The Vice of Centralism
This episode, seemingly
trivial, once again exposes the most persistent vice of our Republic: the
visceral centralism that for decades has corroded the very idea of Cabo Verde
as a plural and archipelagic nation.
What happened is not a mere administrative error. It reflects a political
mindset that continues to confuse the State with the capital — and the capital
with the country.
Praia as Centre and Frontier
Praia has become the
epicentre of decision-making and, worse still, of defining what it means to be
a “legitimate” Cape Verdean.
The rest — the islands, their voices, cultures and realities — are tolerated,
not integrated. Useful, but peripheral. They serve to legitimise the rhetoric
of unity, to gather votes, and to justify funding, yet remain excluded from the
true table of decisions.
A Structural and Cultural Imbalance
The imbalance is
structural, but also ontological and cultural.

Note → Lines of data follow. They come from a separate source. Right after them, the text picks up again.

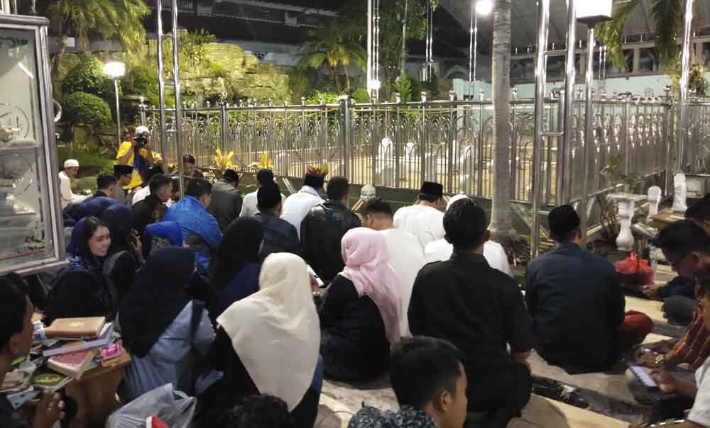 Ketua Badan Pemenangan Pemilu (Bappilu) Partai NasDem Effendy Choirie (Gus Choi) yang memimpin doa bersama di depan pusara Makam Sunan Ampel, Minggu (23/12/2018) malam. Sebelum memimpin doa, Gus Choi menerangkan tentang sejarah masuknya Islam di negeri nusantara oleh Sunan Ampel, serta para mubalighnya.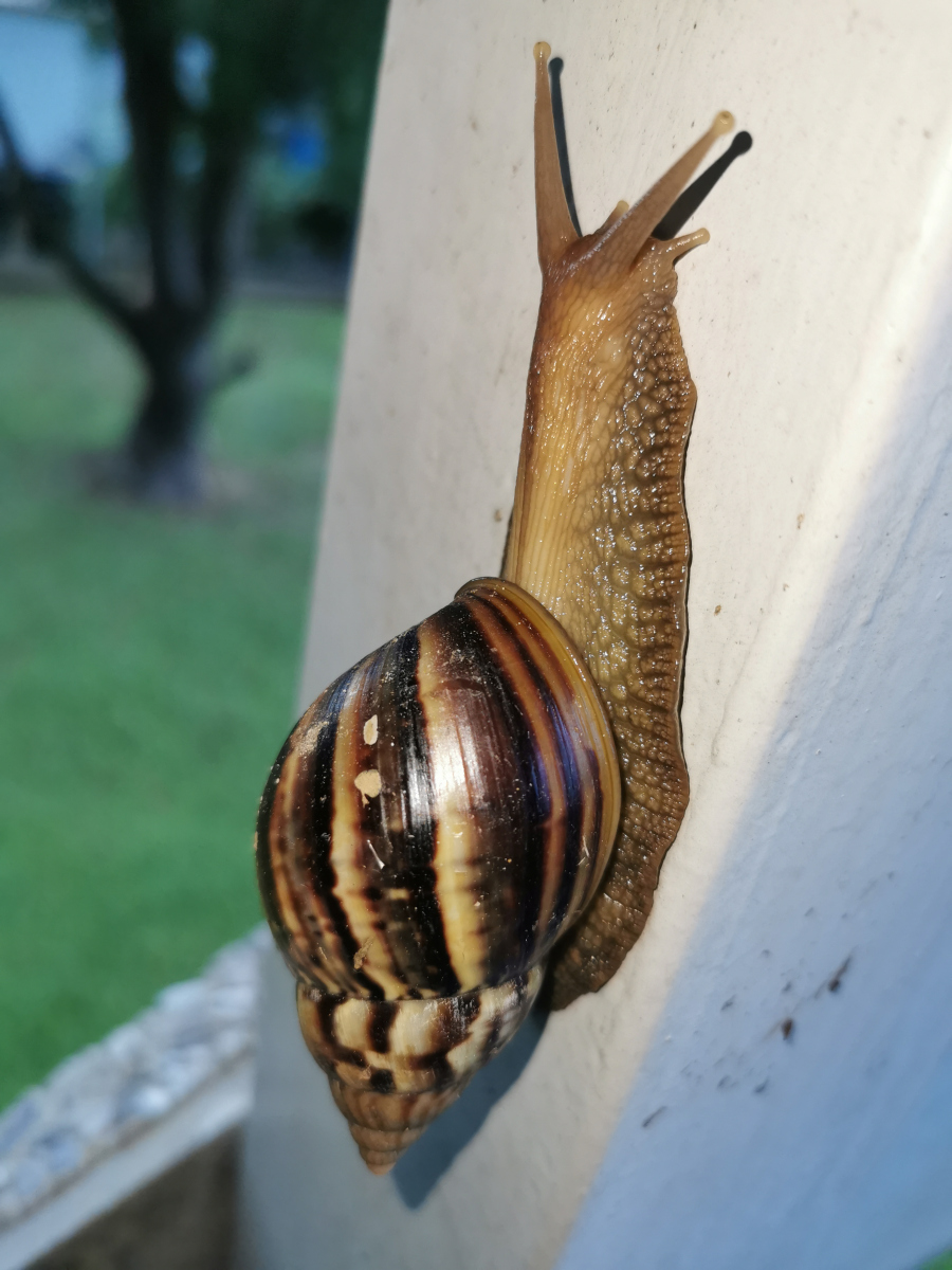 清晨,我在小区院内散步,看到了蜗牛爬树的情形.蜗牛行动非常的缓慢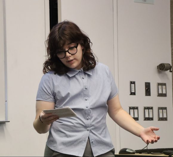 WIRE Student Fellow Gabi Fischthal (’26 Writing for Film and Television major, History minor) presenting their WIRE research at the Wilkinson College Faculty Retreat. Photo by Violet Gude (’29 Broadcast Journalism major).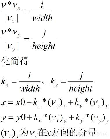在选定好Vx和Vy后,进行向量空间的变换。设在输出的Mat中任一一个坐标点(i,j),对应在输出Mat中的任一坐标点(x,y)。设左上端点坐标(x0,y0) (即图中点2),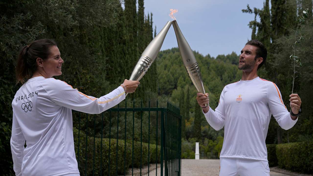 The first torchbearer was Greek rower Stefanos Douskos, a gold medalist in 2021 in Tokyo. He ran to a nearby monument that contains the heart of French Baron Pierre de Coubertin, the driving force behind the modern revival of the games.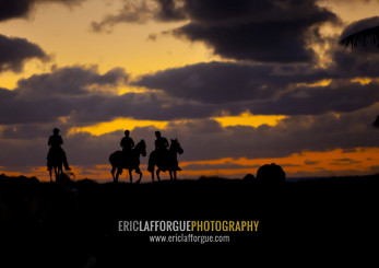 Horses in the sunset, Easter Island, Hanga Roa, Chile

The other islands orbit around an “official truth” emanating from the centre,
where legitimacy feeds on habit and convenience.
Thus, what should be a plural and dialogical country becomes an inverted
pyramid, sustained by inequality and by the hubris of an elite that confuses
itself with the State.
The Dogma of National Unity
“National unity” in this
context is more dogma than ideal.
“Unity” is invoked to silence difference, and “nation” to perpetuate privilege.
Any attempt to expose this distortion is swiftly neutralised by the old and
useful accusation of parochialism— that rhetorical device so effective
at delegitimising indignation and reducing protest to the caricature of
resentment.
The term parochialism, used in this way, is a technique of silencing — a weapon of hegemonic discourse to keep the status quo ante, in the name of national peace, of course.
The Drowning Island
Meanwhile, the facts
speak for themselves: historic companies such as Shell/Vivo Energy or ENAPOR,
to mention only those two, have been
quietly transferred from São Vicente to Praia, weakening the economic and
symbolic fabric of an island that was once the nation’s engine.
Nothing in this process is innocent. Everything converges toward a centralized
model of power — one that drains resources, opportunities, and visibility from
the periphery to the centre.
The Government’s recent U-turn
does not erase the essential point: it took the people’s outcry to remind the
authorities that Cabo Verde is not synonymous with Santiago.
And that, in itself, is a moral defeat for the State. Because what was done was
not so much to correct an injustice, but to acknowledge — under pressure — that
injustice is the norm.
Autonomy as an Ethical Necessity
The truth is that Praia
does not see the rest of the country as part of itself, but as a necessary evil
— a constellation of convenient appendices from which to extract democratic
legitimacy, international funds, and electoral material. Nothing more.
That is why the question of the islands’ autonomy is no longer merely a
political demand: it is an ethical necessity and a matter of civic survival.
But it is necessary, above all, to possess political and moral maturity to accept that autonomy does not divide: it balances; it does not threaten: it matures; it does not fragment: it creates responsibility.
The Final Question
A State that fears the
autonomy of its parts is a State that does not trust itself.
And a country that accepts such a logic of hierarchical submission has already
lost the essence of what it means to be a political community.
Therefore, the question that truly matters is not whether autonomy is possible, but whether its absence remains tolerable. For, a country that must be pressured to act justly does not govern, it merely reacts. And centralism, even when it corrects its mistakes, the original sin remains - the most polite and persistent form of tyranny.